[Work item]:
Only the lines from the beginning of the entries through the one that holds "当前位置: 91家纺网 >" may appear in the answer, written out exactly and free of pictures.
=== Section Start ===
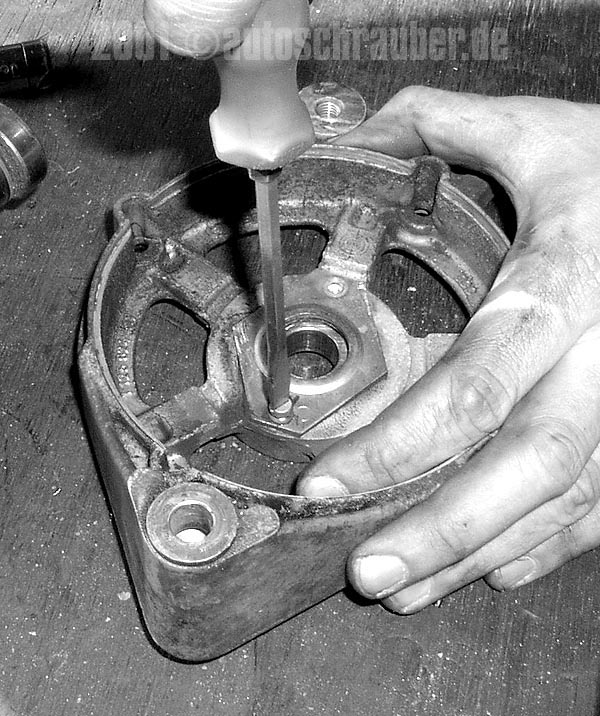 Den Bürstenhalter wieder in die Lichtmaschine einsetzen, die Schrauben festziehen. Die Keilriemenscheibe montieren.
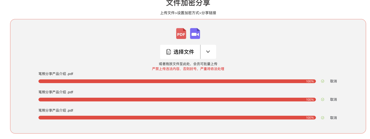会员专享:上传页一次可选多个文件,加密参数统一设置 → 一键生成全部链接/二维码
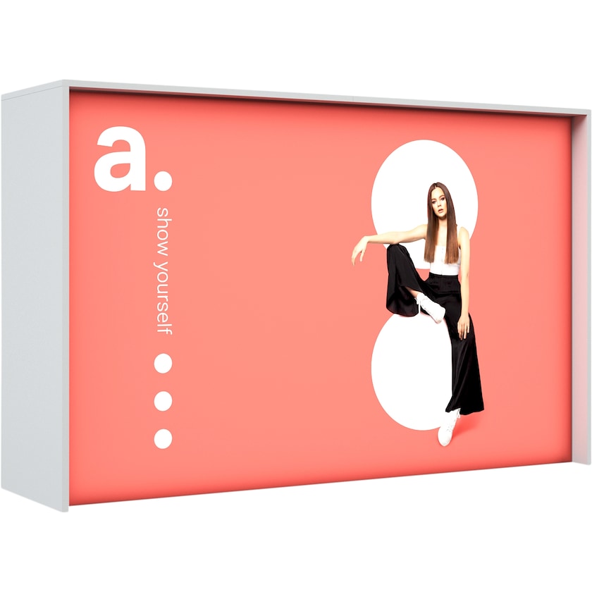 LED-valaistu messupöytä, jonka koko on 150 cm. Messupöydässä on fiksu LED-valaistu rakenne, joka saa logosi loistamaan. Pöydän asennus on todella helppoa, eikä vaadi työkaluja. Yhdistä vain osat toisiinsa klikkaamalla ne paikoilleen. Jos haluat myöhemmin muuttaa pöydän ulkonäköä, voit tilata meiltä uuden kankaan eri painatuksella. Mukana säilytyslaukku pyörillä.
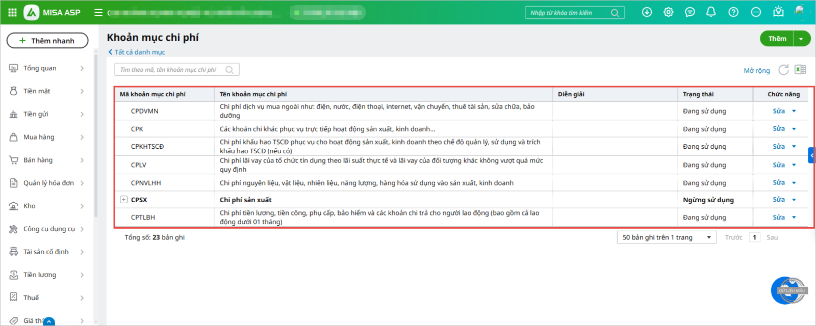 - Trên danh mục khoản mục chi phí, chương trình bổ sung các khoản mục theo quy định tại thông tư 152/2025/TT-BTC:
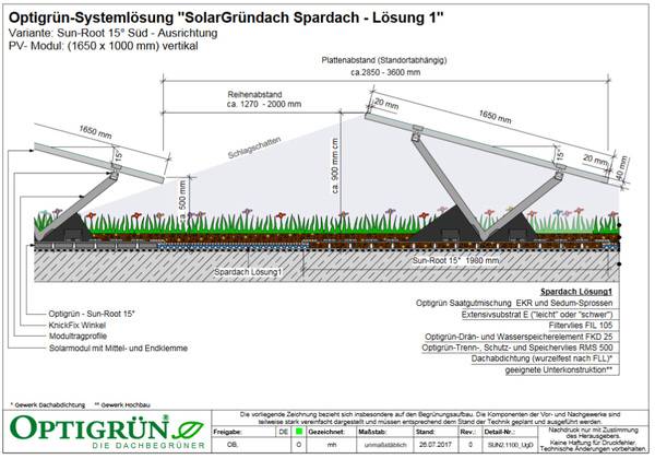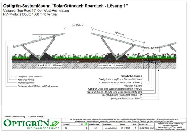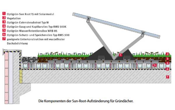 Bisher kamen die Montagesysteme für bewachsene Gründächer meist aus der Solarbranche. Das sogenannte Solargründach wurde von Dachexperten der Firma Optigrün International entwickelt. Optigrün hat seinen Hauptsitz in Göggingen südlich von Sigmaringen, eine Niederlassung befindet sich in Wien. Das Solargründach wird als auflastgehaltenes System ohne Dachdurchdringung installiert. Dazu werden die Sun-Root-Aufständerungen mit der Last des Gründachaufbaus lage- und windsogsicher fixiert.
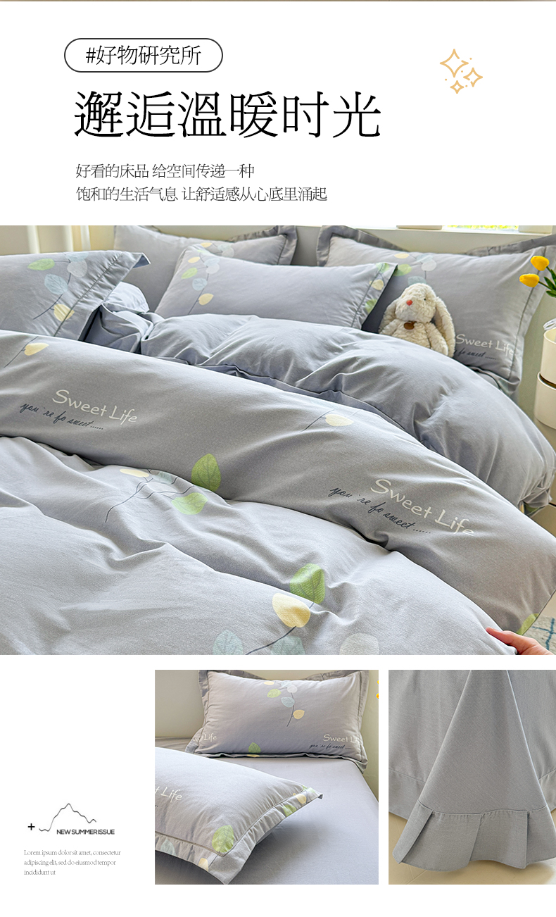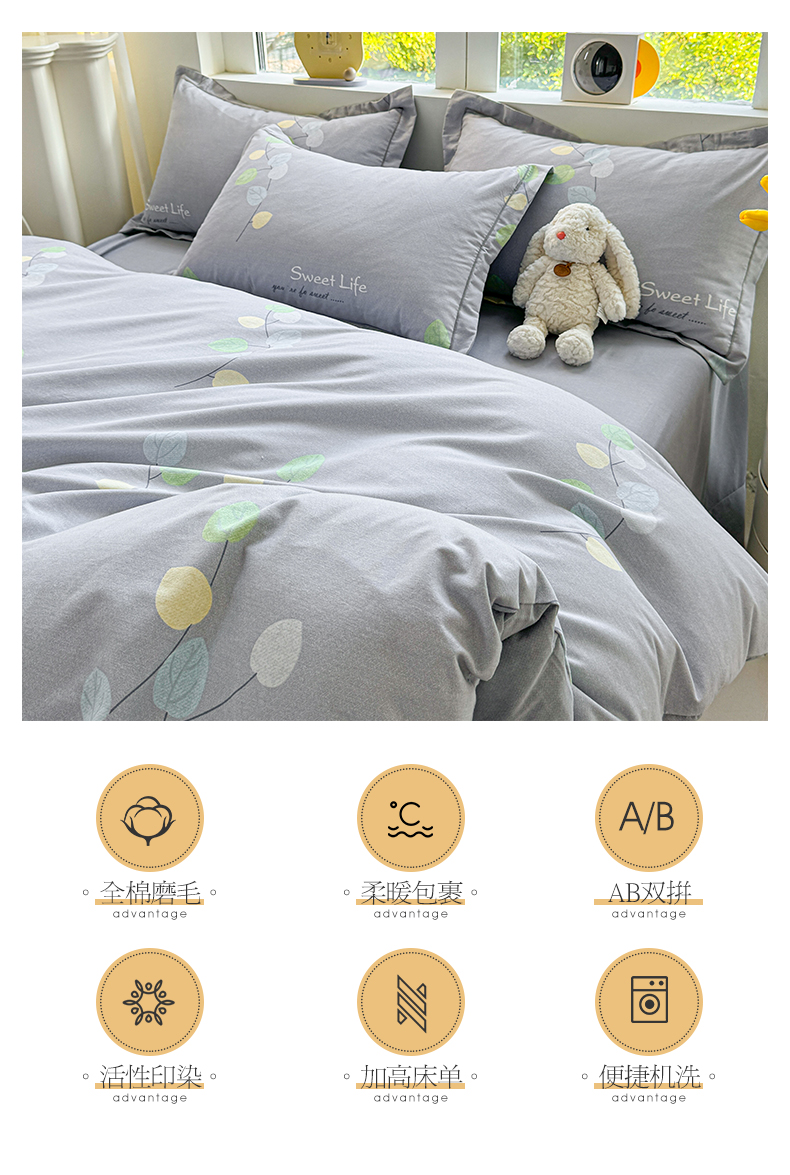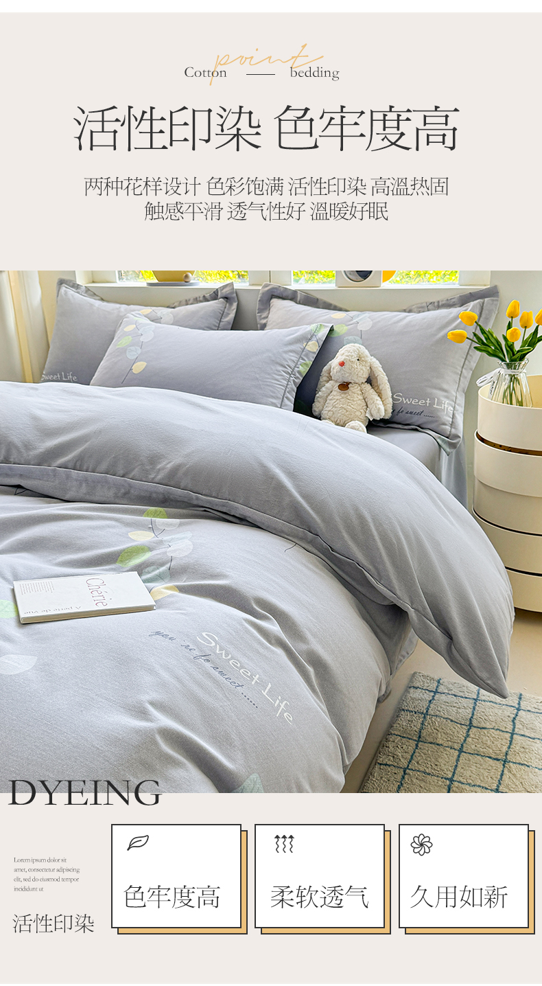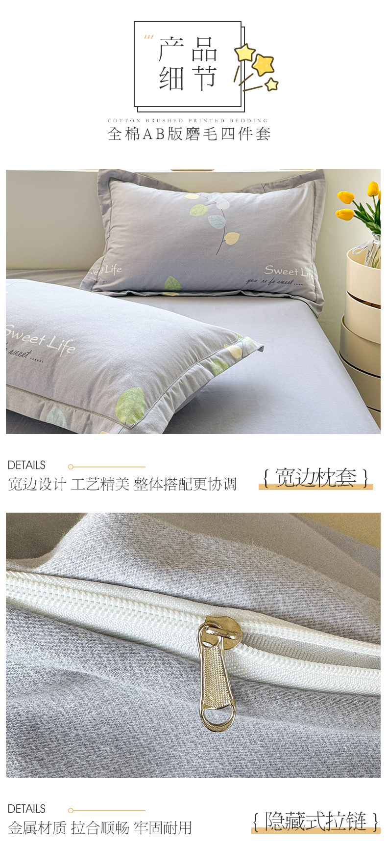 当前位置: 91家纺网 > 商品网购 > 床品套件 > 四件套 > 普通磨毛四件套 > 韩后家纺 2025新款全棉AB版磨毛印花四件套 一叶知秋
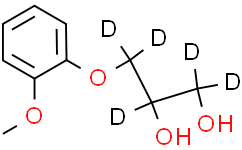 Guaifenesin-d 5 is the deuterium labeled Guaifenesin. Guaifenesin (Guaiacol glyceryl ether), a constituent of guaiac resin from the wood of Guajacum officinale Linné, is an expectorant. Guaifenesin can alleviate cough discomfortby increasing sputum volume and decreasing its viscosity, thereby promoting effective cough. Guaifenesin also has narcotic effect[1][2].
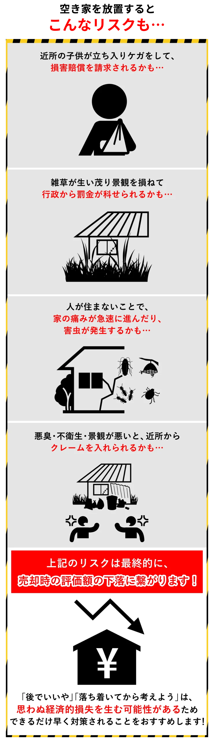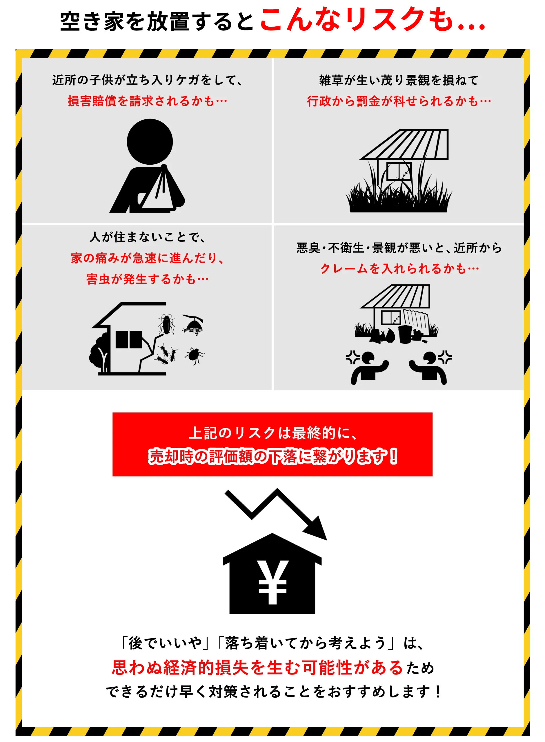 これらの状態で空き家のまま放置することは「百害あって一利なし」のため、早急な対処が必要です。
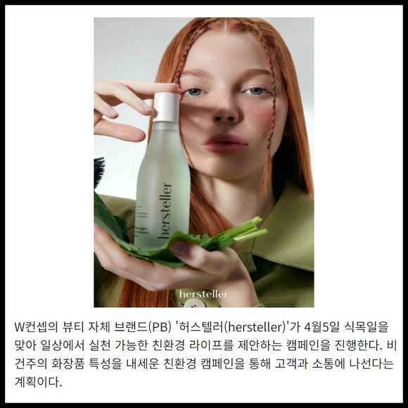 [프라임경제] W컨셉의 뷰티 자체 브랜드(PB) '허스텔러(hersteller)'가 4월5일 식목일을 맞아 일상에서 실천 가능한 친환경 라이프를 제안하는 캠페인을 진행한다. 비건주의 화장품 특성을 내세운 친환경 캠페인을 통해 고객과 소통에 나선다는 계획이다.
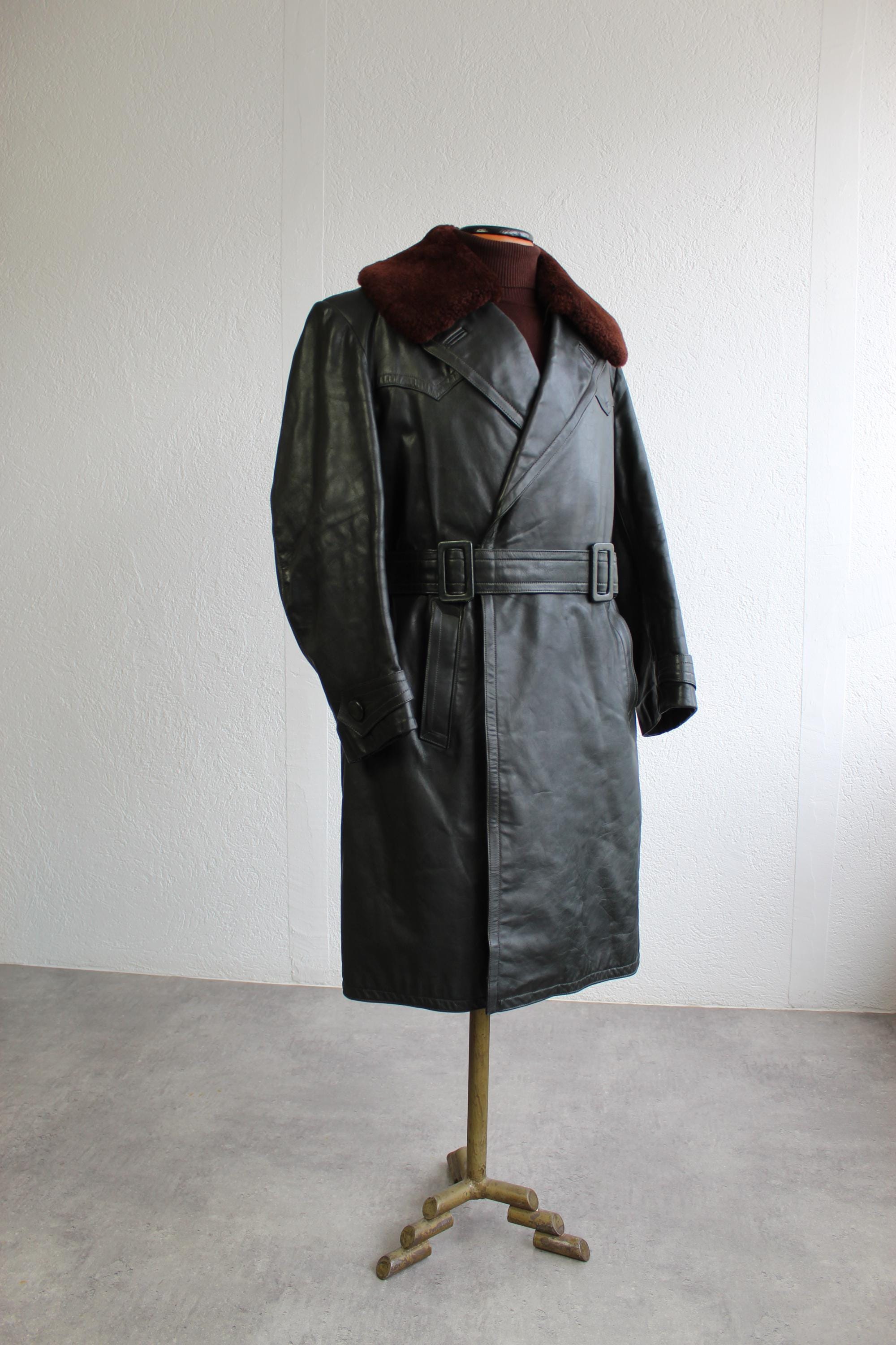 "Motorcycle Trenchcoat 50s Vintage Long Coat 1950s Moto Belt Jacket Dispatch Rider Coat Fur Col...
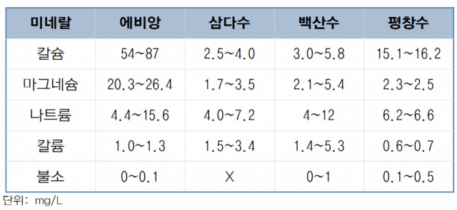 '물 맛'은 미네랄 함량 차이로 다르다.
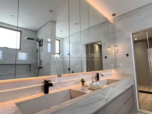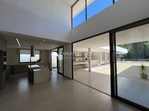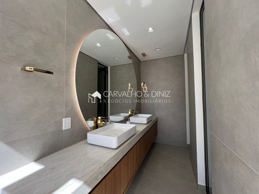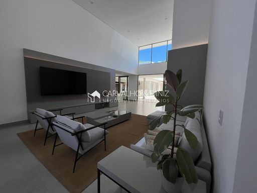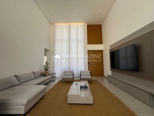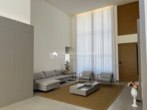 Área social integrada: Sala ampla com pé-direito duplo, iluminação planejada e integração com a cozinha e o espaço gourmet, garantindo praticidade e sofisticação no dia a dia.
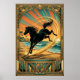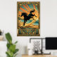 Poster Art Deco Wild Horse Beach Sunset Teal Orange
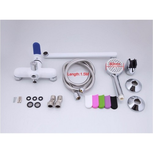 Frap смеситель для ванны, поворотный излив 35см, однорычажный, керамический катридж 35mm, переключатель в корпусе 180 градусов, комплектующие(душевой шланг 1,5м., лейка, кронштейн для лейки, эксцентрики, прокладки, чашечки) цвет белый, корпус латунный. В комплекте шесть сменных разноцветных накладок.
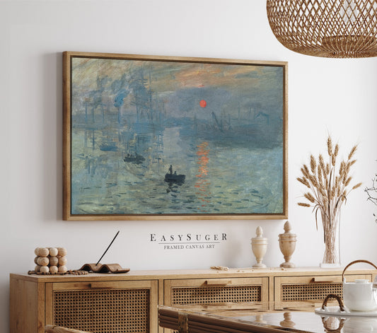 EasySuger Claude Monet Wall Art | Claude Monet - Impression soleil levant (1872) | Framed Canvas Wall Art with hanging kit
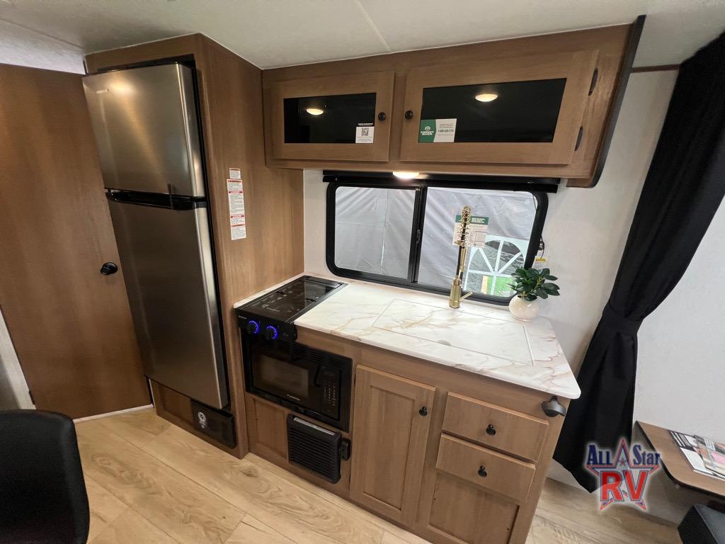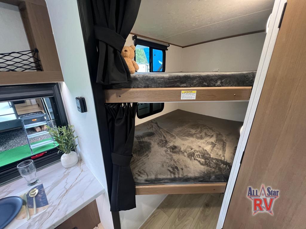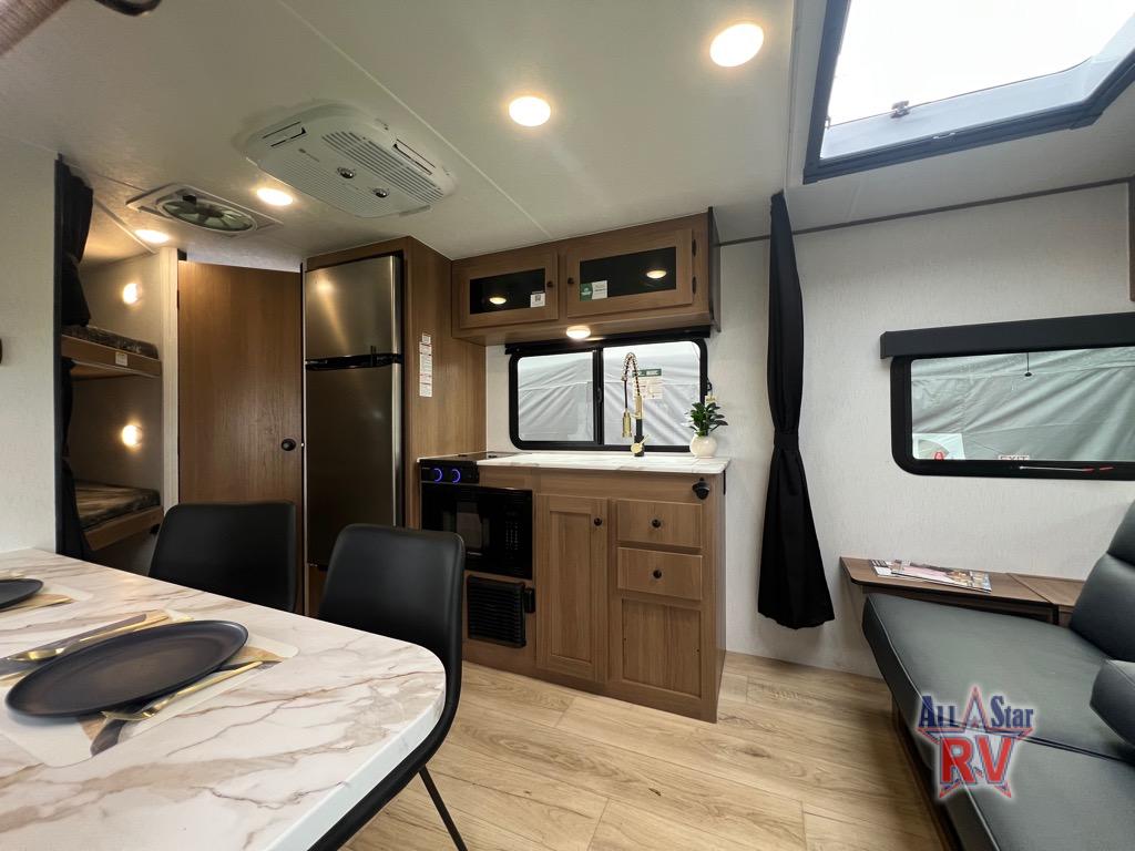 As you step into this versatile travel trailer, you'll be greeted by a front Murphy bed that offers the best of both worlds, a comfortable place to sleep at night and a cozy sofa for daytime lounging. Convenient storage is provided with a wardrobe at the foot of the bed and a nightstand on the other side for your essentials. In the center, the kitchen is fully equipped with a 10-cu. ft. refrigerator, a 2-burner cooktop, and an air fryer microwave, giving you all the tools you need to prepare your favorite meals. Across from the kitchen, a counter with chairs offers a welcoming space to dine, work, or gather. Toward the rear, double bed bunks provide additional sleeping space, with the lower bunk flipping up to reveal extra storage for your gear. Rounding out the layout is a full bathroom in the rear corner, featuring a tub/shower combo so you can enjoy the comfort and convenience of bathing right inside your trailer.
=== Section End ===
[Worked solution]:
 Den Bürstenhalter wieder in die Lichtmaschine einsetzen, die Schrauben festziehen. Die Keilriemenscheibe montieren.
会员专享:上传页一次可选多个文件,加密参数统一设置 → 一键生成全部链接/二维码
 LED-valaistu messupöytä, jonka koko on 150 cm. Messupöydässä on fiksu LED-valaistu rakenne, joka saa logosi loistamaan. Pöydän asennus on todella helppoa, eikä vaadi työkaluja. Yhdistä vain osat toisiinsa klikkaamalla ne paikoilleen. Jos haluat myöhemmin muuttaa pöydän ulkonäköä, voit tilata meiltä uuden kankaan eri painatuksella. Mukana säilytyslaukku pyörillä.
 - Trên danh mục khoản mục chi phí, chương trình bổ sung các khoản mục theo quy định tại thông tư 152/2025/TT-BTC:
 Bisher kamen die Montagesysteme für bewachsene Gründächer meist aus der Solarbranche. Das sogenannte Solargründach wurde von Dachexperten der Firma Optigrün International entwickelt. Optigrün hat seinen Hauptsitz in Göggingen südlich von Sigmaringen, eine Niederlassung befindet sich in Wien. Das Solargründach wird als auflastgehaltenes System ohne Dachdurchdringung installiert. Dazu werden die Sun-Root-Aufständerungen mit der Last des Gründachaufbaus lage- und windsogsicher fixiert.
 当前位置: 91家纺网 > 商品网购 > 床品套件 > 四件套 > 普通磨毛四件套 > 韩后家纺 2025新款全棉AB版磨毛印花四件套 一叶知秋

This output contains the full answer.